# [THE PROBLEM]
Using only the entries below, output the lines starting at the one containing "Không gian phòng" and ending at the one containing "पाणी खात्यातील सर्व", exactly and inclusive of both, omitting the pictures.

# [RECORDS FOR PROCESSING]
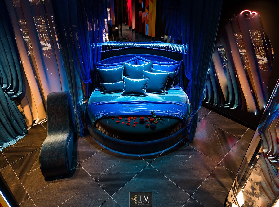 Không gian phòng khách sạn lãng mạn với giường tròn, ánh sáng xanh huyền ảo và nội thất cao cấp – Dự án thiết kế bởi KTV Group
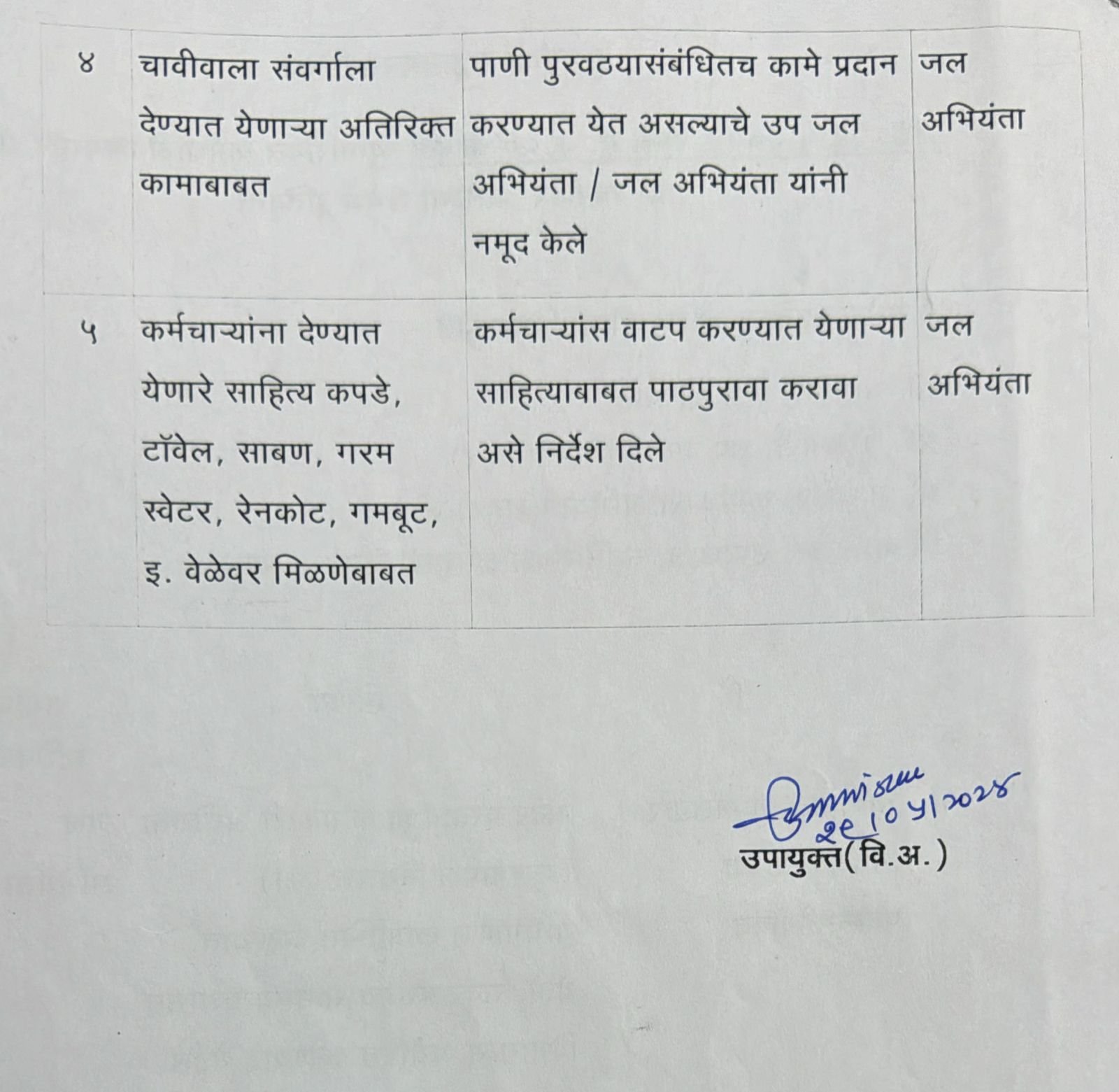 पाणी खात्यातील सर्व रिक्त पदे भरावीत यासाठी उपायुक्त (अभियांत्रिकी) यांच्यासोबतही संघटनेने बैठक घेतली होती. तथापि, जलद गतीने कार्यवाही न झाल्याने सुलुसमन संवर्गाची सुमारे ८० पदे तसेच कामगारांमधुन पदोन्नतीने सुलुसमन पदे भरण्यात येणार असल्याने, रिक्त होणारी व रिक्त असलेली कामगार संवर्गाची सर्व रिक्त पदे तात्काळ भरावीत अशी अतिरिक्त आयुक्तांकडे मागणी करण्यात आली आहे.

==

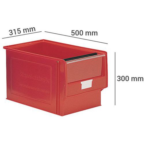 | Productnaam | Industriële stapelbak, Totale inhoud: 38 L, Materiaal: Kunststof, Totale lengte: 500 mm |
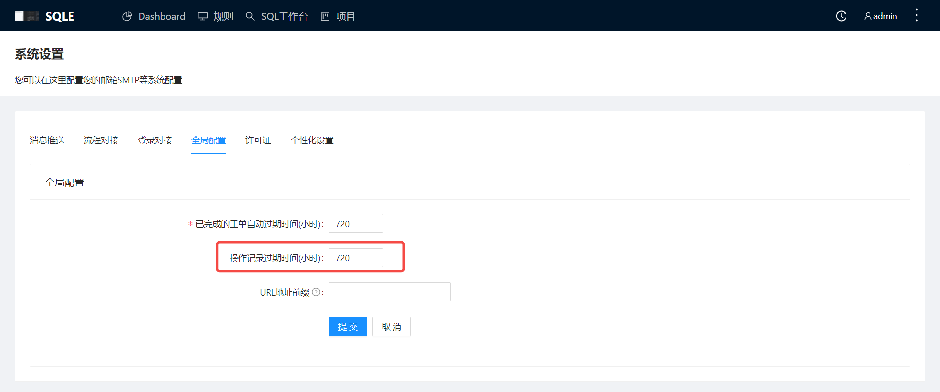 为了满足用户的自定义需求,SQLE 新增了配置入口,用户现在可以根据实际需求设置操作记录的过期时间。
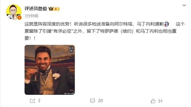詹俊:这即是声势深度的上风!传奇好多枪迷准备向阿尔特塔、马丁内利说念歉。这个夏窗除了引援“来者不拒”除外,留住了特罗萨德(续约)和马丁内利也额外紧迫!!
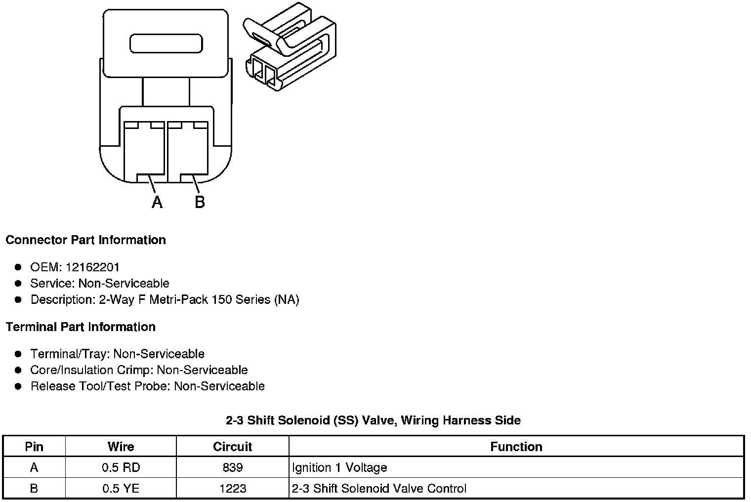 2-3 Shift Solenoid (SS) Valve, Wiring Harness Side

# [EXERCISE RESPONSE]
 Không gian phòng khách sạn lãng mạn với giường tròn, ánh sáng xanh huyền ảo và nội thất cao cấp – Dự án thiết kế bởi KTV Group
 पाणी खात्यातील सर्व रिक्त पदे भरावीत यासाठी उपायुक्त (अभियांत्रिकी) यांच्यासोबतही संघटनेने बैठक घेतली होती. तथापि, जलद गतीने कार्यवाही न झाल्याने सुलुसमन संवर्गाची सुमारे ८० पदे तसेच कामगारांमधुन पदोन्नतीने सुलुसमन पदे भरण्यात येणार असल्याने, रिक्त होणारी व रिक्त असलेली कामगार संवर्गाची सर्व रिक्त पदे तात्काळ भरावीत अशी अतिरिक्त आयुक्तांकडे मागणी करण्यात आली आहे.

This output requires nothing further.